The market has lifted another 22% from that date, but we've seen this broadening out, cyclical stocks doing better, we have been rotating into financials and energy. But as well, a vaccine means that people can travel. There's obviously a lot of pent up demand, and so like we said, a previous idea that had worked for many years, and the chart shows you why. People like to travel, and when they travel, they want to travel more. There's an opportunity now, particularly where we see an hoteling, payments, and even in the airframes, to add capital to these sectors.

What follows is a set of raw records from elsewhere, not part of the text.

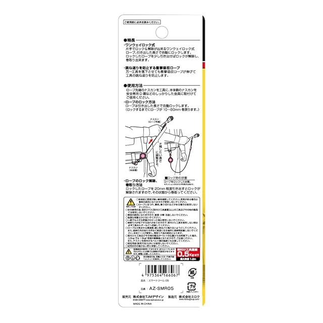 引き出した長さでロープが自動ロックされるワンウェイロック式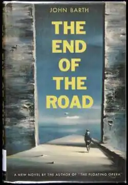 The End of the Road can be viewed with The Floating Opera (1956) as forming the early, existentialist or nihilist phase of Barth's writing career. This phase was realistic in a modernist sense; it lacked the fantastic elements that manifested themselves in Barth's experimental phase that began with The Sot-Weed Factor (1960).[13] Both novels, while displaying a distinctive style, followed conventions readers expected from a novel,[14] and were part of a realist trend in American novels during the 1940s and 1950s.[15] As The Floating Opera closes, its protagonist, Todd Andrews, concludes that life has no absolute values but that there are relative values that are "no less 'real', for ... being relative".[16] Barth has said he wrote The End of the Road to refute this worldview by carrying "all non-mystical value-thinking to the end of the road",[2] and that the second novel was a "nihilistic tragedy" paired with the "nihilistic comedy" of the first.[17] Barth also sees the book as the second of a "loose trilogy of novels" that concludes with The Sot-Weed Factor, after which he embarked on the fabulist Giles Goat-Boy (1966).[18]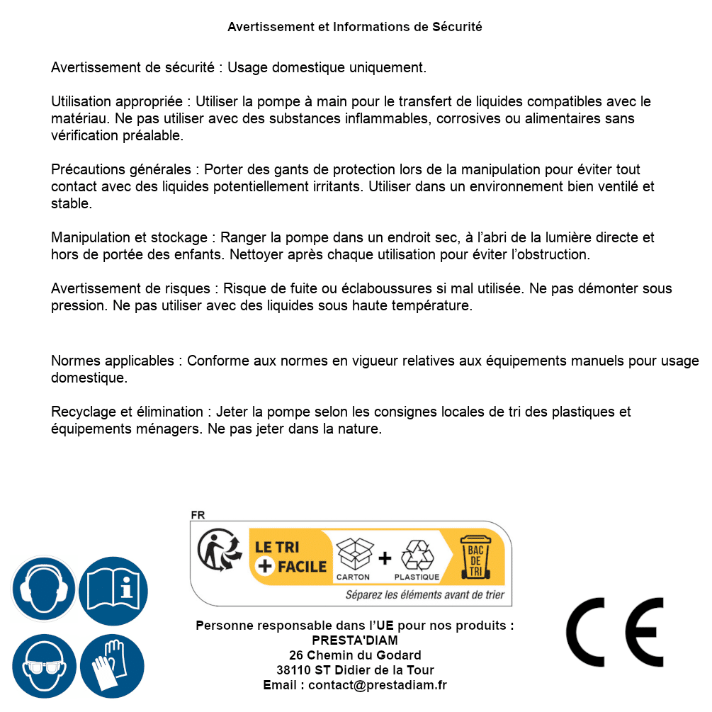 | AVERTISSEMENT et SECURITE | Identification de la personne responsable dans l’UE : Nom : PRESTA'DIAM. Adresse : 26 Chemin du Godard, 38110 ST Didier de la Tour (France). Email : contact@prestadiam.fr. |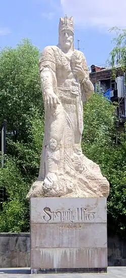 In the early 1990s, a major avenue in central Yerevan, called after the October Revolution was renamed after him.[111] He is the only Armenian king to appear on the Armenian currency,[111] specifically on the 500 dram banknote, which was in circulation from 1993 to 2005.[112]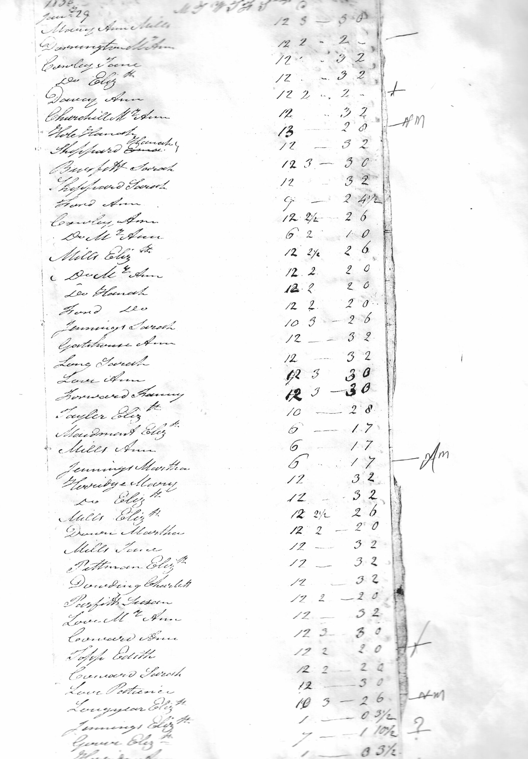 Brief description: black and white photocopy of The Silk Girls Book 1830, ten pages. Documents the number of days worked and the wages.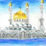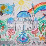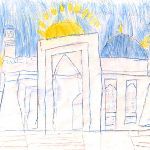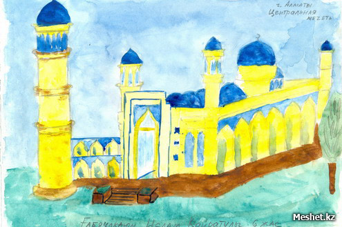 Некоторым может показаться, что в данной картине нет ничего примечательного, но с точки зрения изобразительного искусства, данная картина заслуживает отдельного внимания, так как возраст художника, который ее выполнял - 6 лет. Для 6-ти летнего ребенка данная работа считается уникальной, особенно учитывая тот факт, что ребенок не имеет профессиональных навыков в изобразительном искусстве. На картине изображена Центральная мечеть г.Алматы, формат рисунка А4.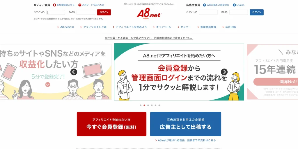 ⑤A8.net ── 国内最大手、案件数No.1のASP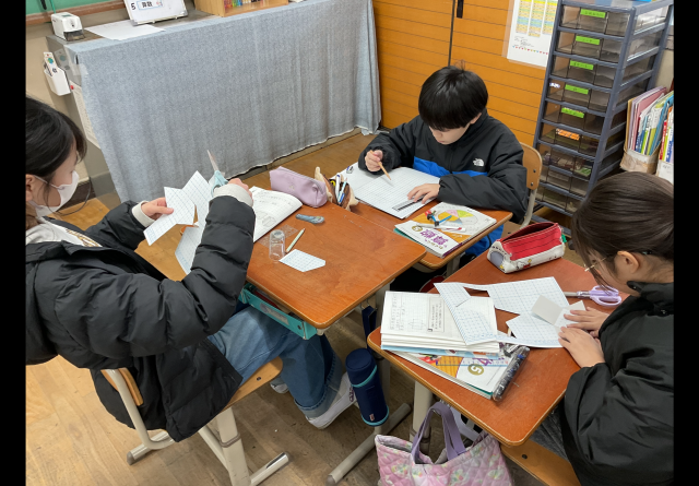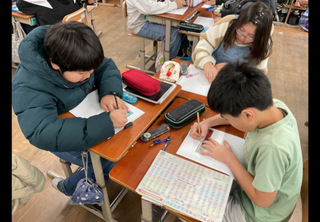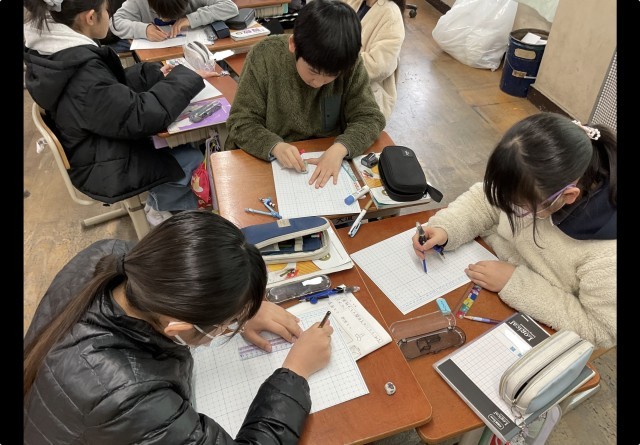 三角柱の展開図のかき方をグループで話し合いながら、作ることができました。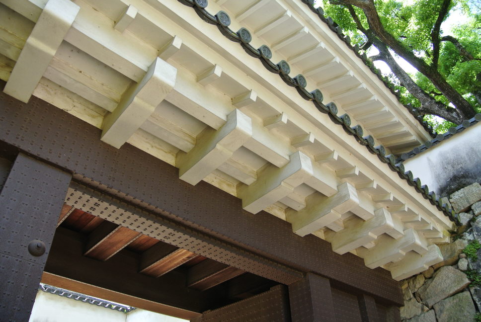 天守閣に行くのにまずこの門をくぐりました。今の門はコンクリート製の再建ということですが、外見的には違和感はありません。門を通り階段を上がると広場がありますが、ここは昔は表書院があったところで、地面には部屋の配置と名称が書かれていますので、見ていくのも面白いかと思います。
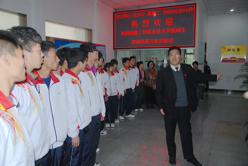 为了深入推进司法公开化建设,加深群众对法院工作的了解,11月20日上午,临渭法院邀请陕西铁路工程职业技术学院50余名师生来法院参观,参加“法院开放日”活动。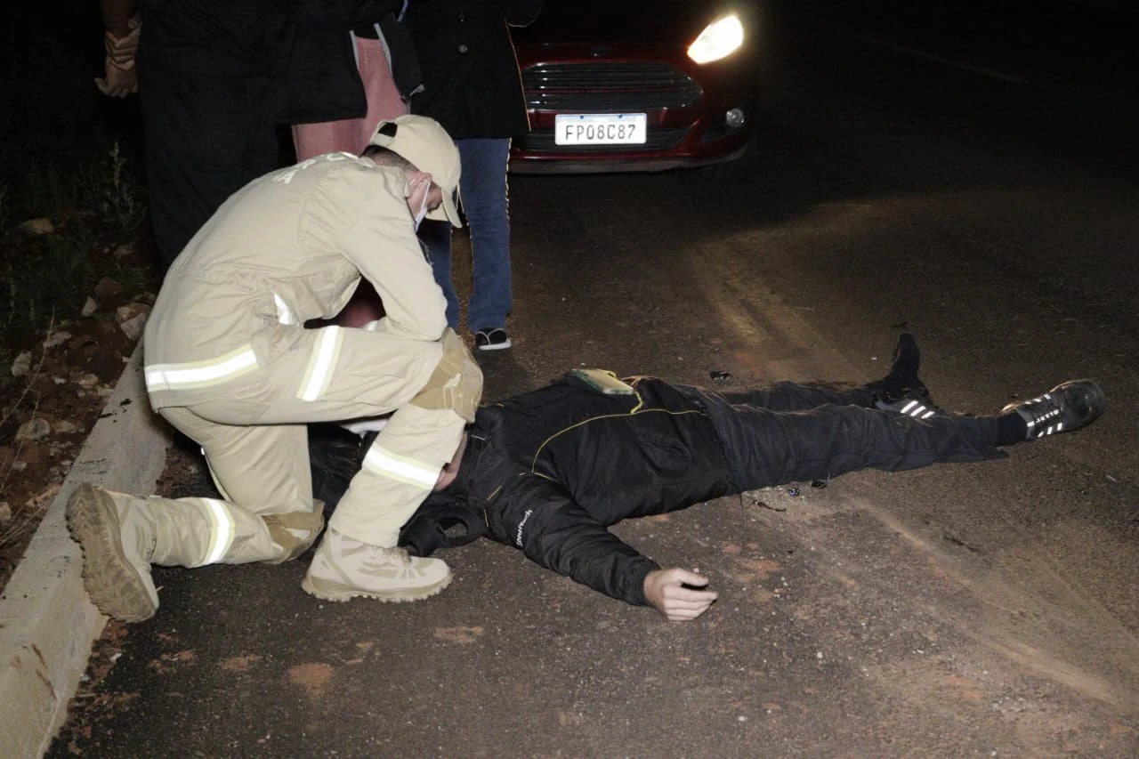 Equipes do Siate (Corpo de Bombeiros) foram acionadas para atender à ocorrência classificada como Colisão Auto/Moto. No local, foi constatado que o homem havia sofrido várias contusões pelo corpo, mas sem ferimentos graves. Ele foi encaminhado à Unimed, consciente e orientado, com lesões leves e sem lembrar exatamente como o acidente aconteceu.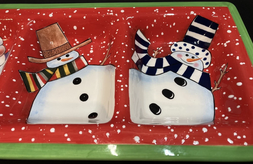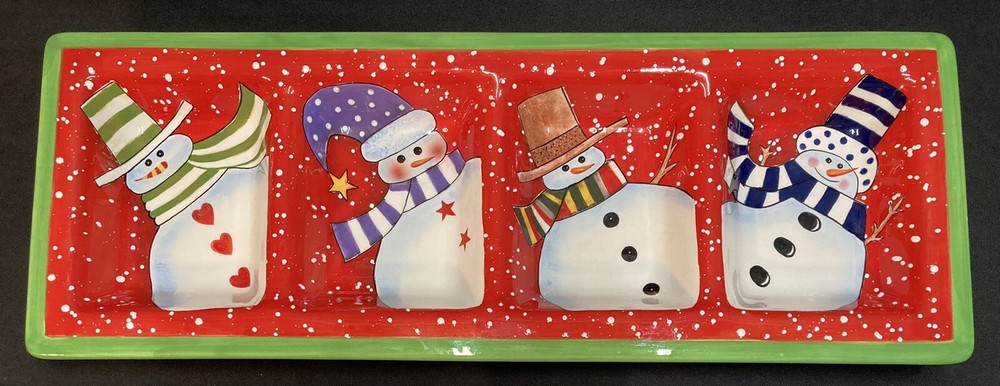 This festive 4-section snowman candy/serving dish by Certified International measures 18.75 inches in length, 7 inches in width, and 1.5 inches in height. The item is pre-owned and comes in good, clean condition with no chips, cracks, or breaks. Please see pictures for complete details. If you have any questions or concerns, please do not hesitate to contact us. Check out our other items and message us if interested in more than one listing as combining items could save you money on shipping. RETURNS & REFUNDS Please inspect your item as soon as it arrives. We stand by the quality of the items we sell and will issue a full refund, including shipping charges, on any defective item that is returned. Please note: photos of the item, packaging, serial numbers and/or product identifiers may be required in order to guarantee a full refund. Returns are accepted on non-defective items; however, shipping charges will be withheld from your refund.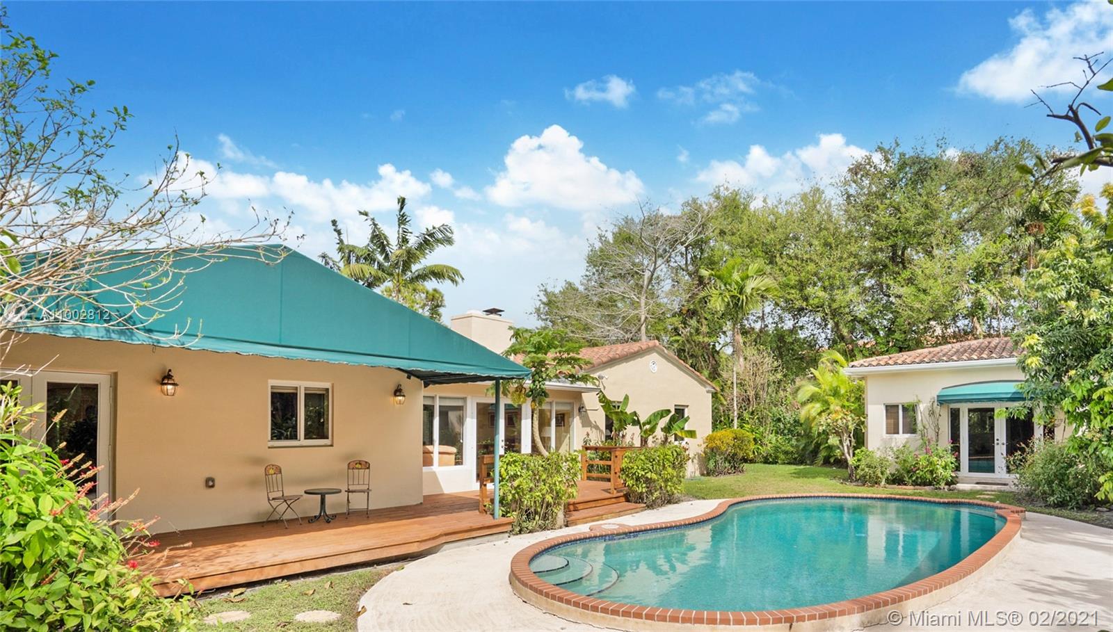 Located in a Prime Coral Gables location, behind a privacy wall, this 4 bd, 3 bath residence w/ cottage is on a quiet, low traffic street. The 12,000 sq. ft. lot is laden w/ exotic plants & fruit trees. Garden vistas from every rm. Charming details are exemplified by hardwood floors, fireplace in living rm & gabled ceiling in fam rm. Modern features incl Impact windows/doors/barrel tile roof. Large updated kitchen w/ granite countertops/island/ breakfast bar/eat in area/home office ideal for a family. Home offers a split plan: Master on west side features Bay window/window seat/ample closets. 3 bdrms & 2 baths on east side. The 592 sq ft cottage features high ceilings, saturnia flooring, large liv area/Murphy bed/full bath/kitchen & office space. All cast iron pipes have been replaced.

- I'm curious, you see it from a fundamental standpoint, you can see everything you're saying and, knock on wood, it's going to continue for the next little while. But what about from a company standpoint? I mean, a lot of companies had to suspend dividends. And a lot of companies had to do a lot more to manage their cash flow, and, you know, the two ETFs I mentioned, one is an enhanced dividend ETF and global enhanced dividend ETF, so how are you feeling about the dividend part of the equation right now?
- Right, so one of the stocks that we've been adding to is Hilton Hotels. Clearly COVID was a massive blow to their business model. And so they had to take drastic measures, suspending their share buyback, suspending their dividends. They're obviously seeing a resumption in demand. They're expecting the summer to be one of the best yet, from a domestic standpoint. And they're expecting trade shows, association conferences, at the end of the year.
But that dividend probably won't come back until 2022. It's exciting and it was by design for our enhanced ETFs, TGDE and TUED, is that we can take a stock that has growth, that's following a secular path, we can use our active call writing, so take some of that potential upside, and we can create income today. So effectively you can own Hilton, which isn't expected to pay a dividend until 2022, but we can create a synthetic dividend yield by writing these calls. Or, in addition, you may have a company like Visa, that will benefit from cross-border transactions when people start traveling, and their dividend's probably about half a percent, so not big. But again, when you layer in these active call writings, we can get you a yield that's above a market level. So that to me that's the exciting element about having that flexibility to own something that's growing, may not give you the cash flows today, but we think we can create synthetic cash flows.
- That was Ben Gossack. He's a Portfolio Manager with TD Asset Management.